/---

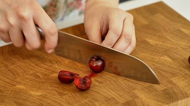 1. 체리는 씨를 빼고 반을 잘라서 준비한다.
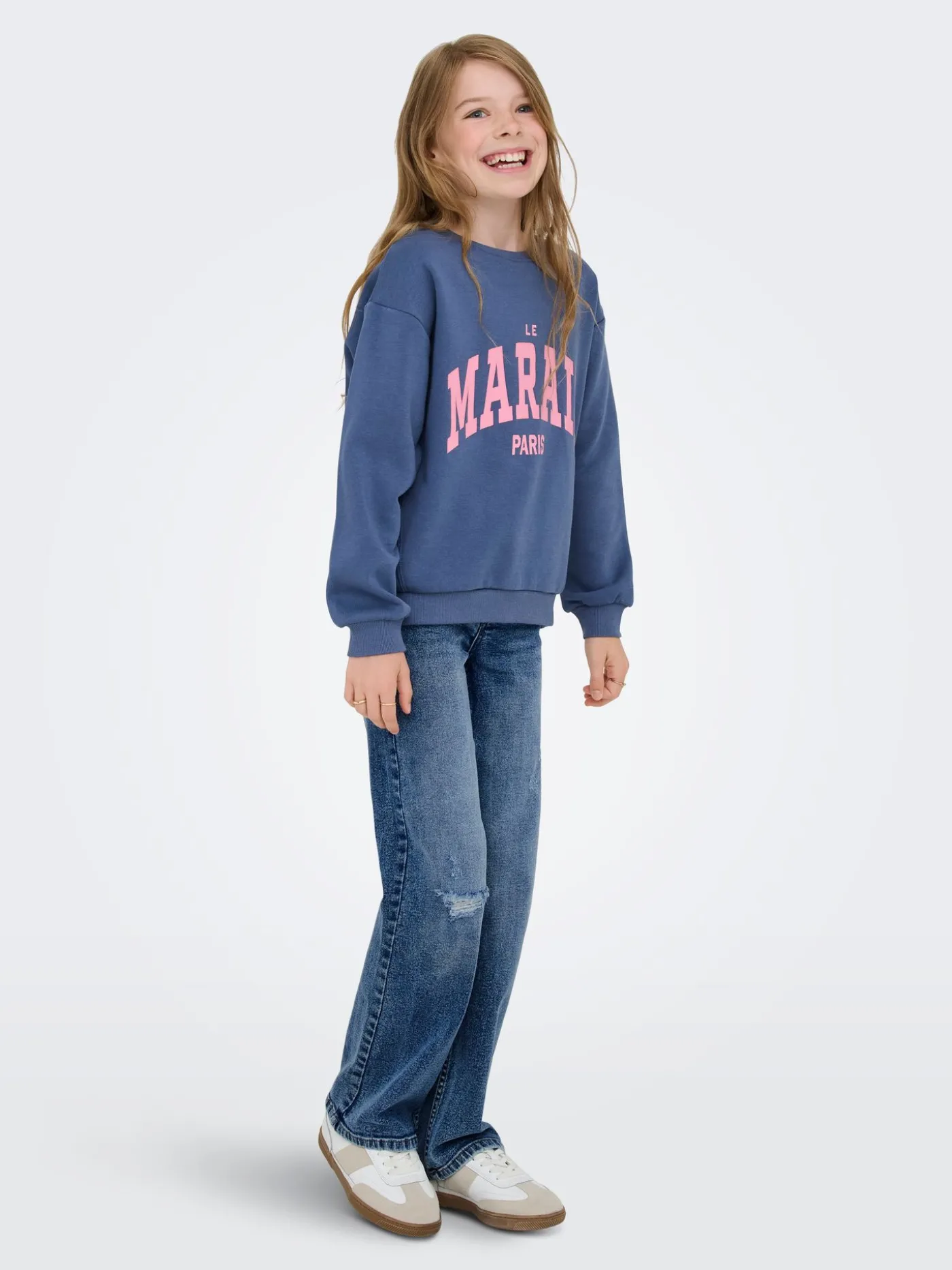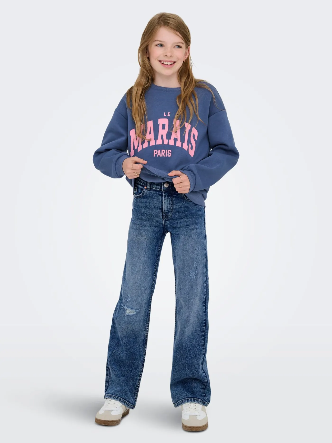 Deze donkerblauwe jeans voor meisjes van Kids Only heeft een trendy wide leg pasvorm met een stoere uitstraling. De zachte denim met stretch biedt comfort en bewegingsvrijheid, ideaal voor elke dag.
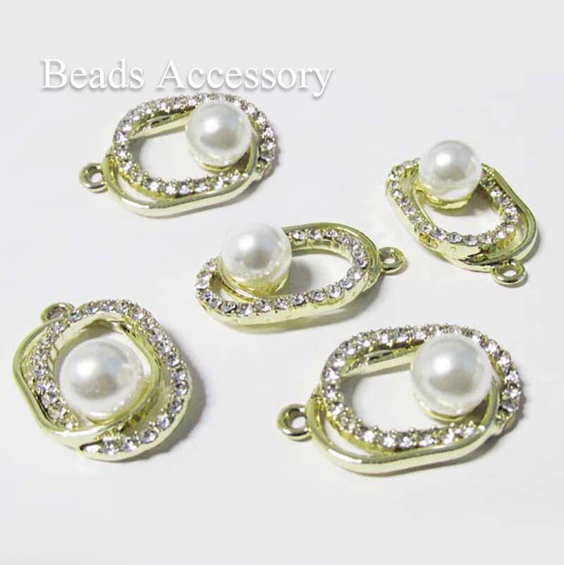 商品名:BA-0740 金色オーバルにパールとダイヤモンド 25×16mm 4個
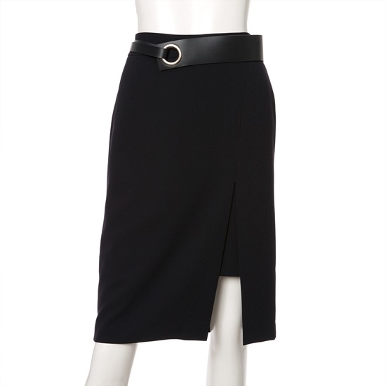 KL, 슬림하게 떨어지는 핏감과 앞트임이 멋진 가죽벨트 옵션 H라인 스커트입니다
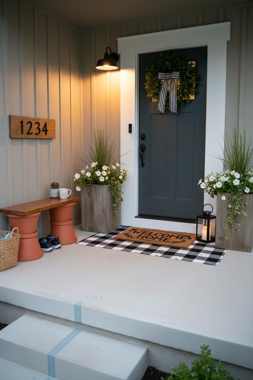 Think of your outdoor entryway as the opening line to your home’s story, and let a layered doormat do the charming introduction. Start with a thin, weather-friendly rug (stripes, buffalo checks, or a subtle geometric) and top it with a classic coir or rubber doormat—instant dimension and personality without eating up precious square footage. It’s one of the easiest small front porch ideas because it sets a color palette you can echo elsewhere: coordinate the base rug with your front door paint, a pair of porch planters brimming with seasonal greens, or a faux boxwood wreath that says “welcome” with minimal fuss. In tight spaces, pattern is your friend; a lengthwise stripe can visually stretch a narrow stoop, while a soft check warms up concrete in a second. If evening visitors are common, a sleek LED wall sconce overhead casts a warm glow that makes those layers pop, turning practical small porch decor into a cozy moment. Bonus: the whole setup is an affordable mini porch makeover you can pull off in an hour—no power tools, just taste and texture.
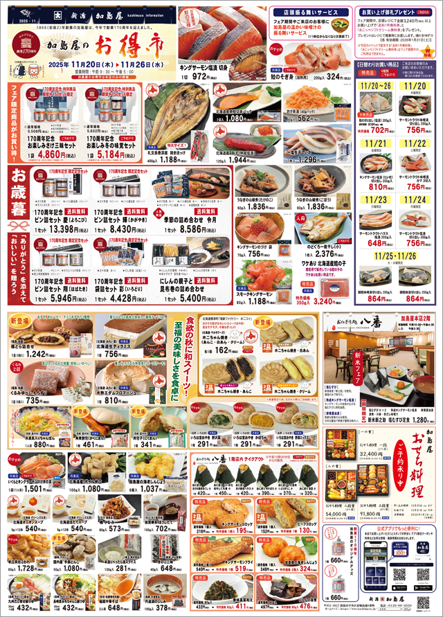 日頃のご愛顧に感謝を込め「加島屋のお得市」を開催いたします。 人気お惣菜品などを特別価格にてご提供いたします。 是非、この機会にご利用ください。 皆様のお越しを心よりお待ちしております。 開催期間:2025年11月20日(木)~ 11月26日(水) ※ 加島屋のお得市は本店のみの開催となります。 ※ 一部商品はネットショップでご購入いただけます。
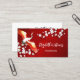 This Japan style business card features a crane and white cherry blossoms on a shimmering red background with custom name and profession in an elegant stylish script.
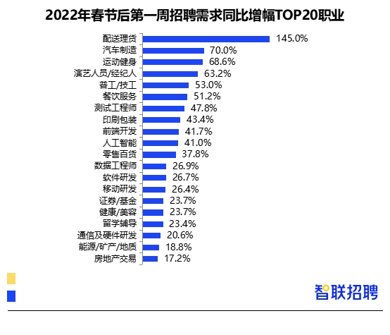 2月14日,智聯(lián)招聘發(fā)布了最新一期2022年春招市場行情周報(bào)。2022年春節(jié)后第一周,隨著企業(yè)復(fù)工復(fù)產(chǎn)和人員流動(dòng),就業(yè)市場供需雙方的活躍度開始上升。節(jié)后第二周,各地高校開學(xué)季逐漸拉開帷幕,企業(yè)招聘和畢業(yè)生求職將迎來小高潮。
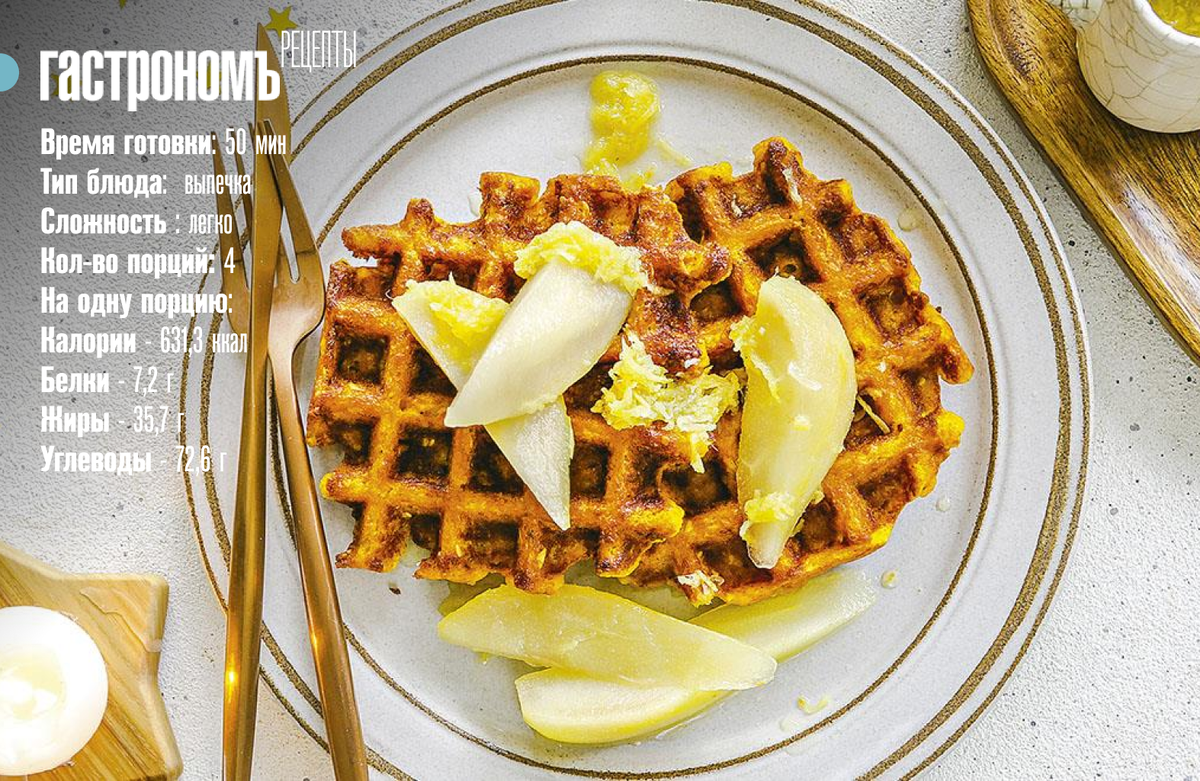 Испеките вафли и подавайте с грушами и имбирным сиропом.
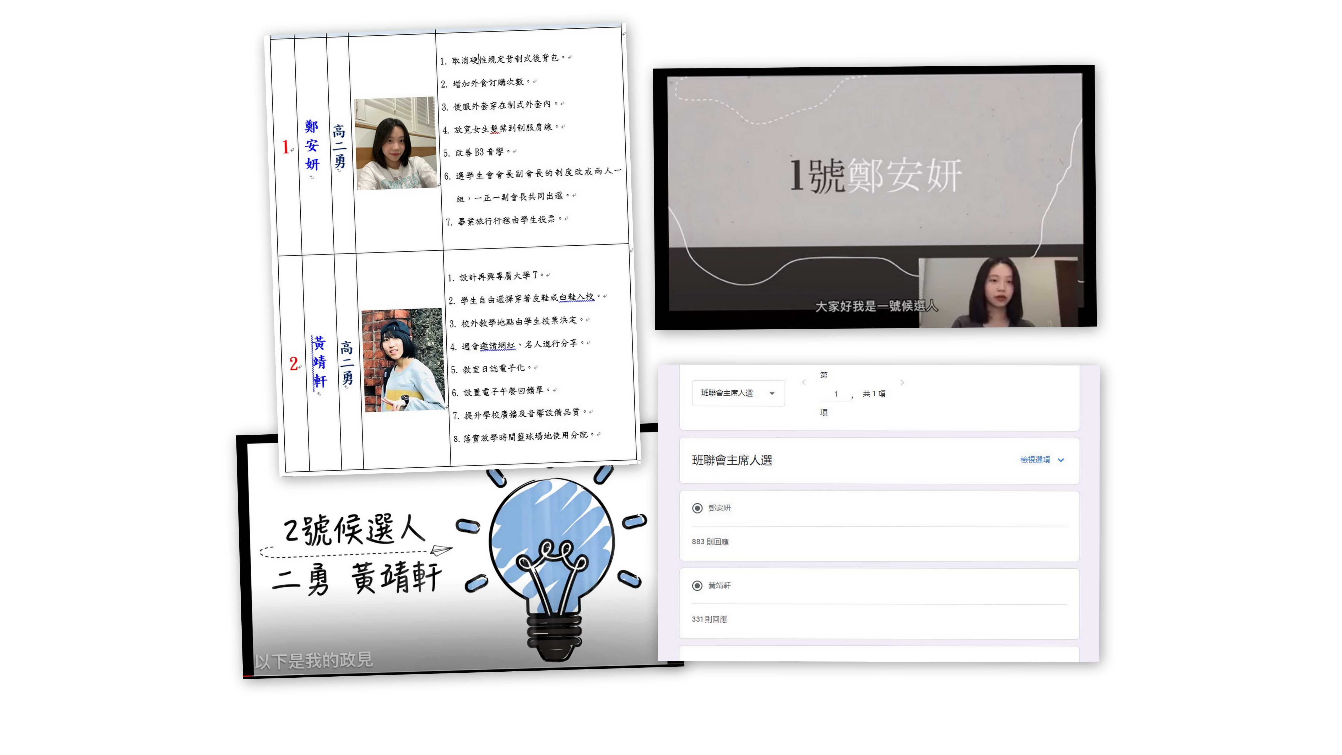 競選影片中,兩位候選人:高二勇班鄭安妍(1號)、高二勇黃靖軒(2號)分別針對自己的政見進行發表,雙方在鏡頭前展現大將之風,儀態落落大方,秉持讓學校變得更好的一腔熱血,將各自見解逐一梳理、介紹。

\---

- **Action item**: The records are to be returned verbatim. Skip any picture they contain.

- **Task output**:
 1. 체리는 씨를 빼고 반을 잘라서 준비한다.
 Deze donkerblauwe jeans voor meisjes van Kids Only heeft een trendy wide leg pasvorm met een stoere uitstraling. De zachte denim met stretch biedt comfort en bewegingsvrijheid, ideaal voor elke dag.
 商品名:BA-0740 金色オーバルにパールとダイヤモンド 25×16mm 4個
 KL, 슬림하게 떨어지는 핏감과 앞트임이 멋진 가죽벨트 옵션 H라인 스커트입니다
 Think of your outdoor entryway as the opening line to your home’s story, and let a layered doormat do the charming introduction. Start with a thin, weather-friendly rug (stripes, buffalo checks, or a subtle geometric) and top it with a classic coir or rubber doormat—instant dimension and personality without eating up precious square footage. It’s one of the easiest small front porch ideas because it sets a color palette you can echo elsewhere: coordinate the base rug with your front door paint, a pair of porch planters brimming with seasonal greens, or a faux boxwood wreath that says “welcome” with minimal fuss. In tight spaces, pattern is your friend; a lengthwise stripe can visually stretch a narrow stoop, while a soft check warms up concrete in a second. If evening visitors are common, a sleek LED wall sconce overhead casts a warm glow that makes those layers pop, turning practical small porch decor into a cozy moment. Bonus: the whole setup is an affordable mini porch makeover you can pull off in an hour—no power tools, just taste and texture.
 日頃のご愛顧に感謝を込め「加島屋のお得市」を開催いたします。 人気お惣菜品などを特別価格にてご提供いたします。 是非、この機会にご利用ください。 皆様のお越しを心よりお待ちしております。 開催期間:2025年11月20日(木)~ 11月26日(水) ※ 加島屋のお得市は本店のみの開催となります。 ※ 一部商品はネットショップでご購入いただけます。
 This Japan style business card features a crane and white cherry blossoms on a shimmering red background with custom name and profession in an elegant stylish script.
 2月14日,智聯(lián)招聘發(fā)布了最新一期2022年春招市場行情周報(bào)。2022年春節(jié)后第一周,隨著企業(yè)復(fù)工復(fù)產(chǎn)和人員流動(dòng),就業(yè)市場供需雙方的活躍度開始上升。節(jié)后第二周,各地高校開學(xué)季逐漸拉開帷幕,企業(yè)招聘和畢業(yè)生求職將迎來小高潮。
 Испеките вафли и подавайте с грушами и имбирным сиропом.
 競選影片中,兩位候選人:高二勇班鄭安妍(1號)、高二勇黃靖軒(2號)分別針對自己的政見進行發表,雙方在鏡頭前展現大將之風,儀態落落大方,秉持讓學校變得更好的一腔熱血,將各自見解逐一梳理、介紹。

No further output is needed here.